Where were they, anyway? The windows were streaming with rain, and the lights of the car didn’t penetrate far enough to give him any idea of their whereabouts. They had just passed the Grill, but he couldn’t remember turning at the corner. Perhaps they had driven by the monument and were on their way to Wesley.
“Why ah, haven’t we gone to the rectory?” He felt a mild panic.
“We’re going in just the weensiest minute,” she said, blinking at him. He could not believe that her hand snaked across the seat toward his. He remembered the dream about the coat closet, and how he had pounded on the door and shouted for Russell Jacks.
He drew his hand away, quite unobtrusively, he thought, and scratched his nose. The sherry had turned on a small light in a far corner of his mind. Perhaps she imagined he’d be after her money for the Sunday school rooms and willing to do a little hand-holding to get it. It was going to take a cool two hundred thousand to turn that sprawling airstrip of an attic into the Sunday school Josiah Baxter had envisioned. But his own hand would most certainly not milk it forth. On his visitation meeting with the vestry, he had gone over a list of wouldn’ts, so no one would be aggrieved down the road.

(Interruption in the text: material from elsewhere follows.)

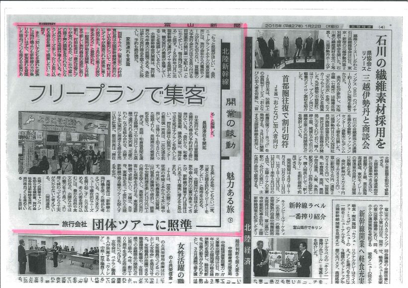 富山新聞 2015年1月22日 北陸新幹線団体ツアー

He wouldn’t, for example, participate in fund-raising efforts outside the pulpit. Period. He would not personally court, cajole, preach to, sweet-talk, or exhort anyone for money to build anything.
“Ah, Timothy,” sighed Edith Mallory, rubbing the tweed of his sleeve as if it were a cat, “Ireland has done wonders for you, I can tell.” She moved closer. “It’s so lonely being a widow,” she said, sniffing. “I sometimes just ... ache all over.”
When he was finally delivered to the rectory, nearly soaked to the skin, Puny was getting ready to leave. She stared at him with alarm as she put on her coat.
“You look like you been through somethin’ awful!”
“Hell!” he exclaimed.
She was shocked to hear him use such language.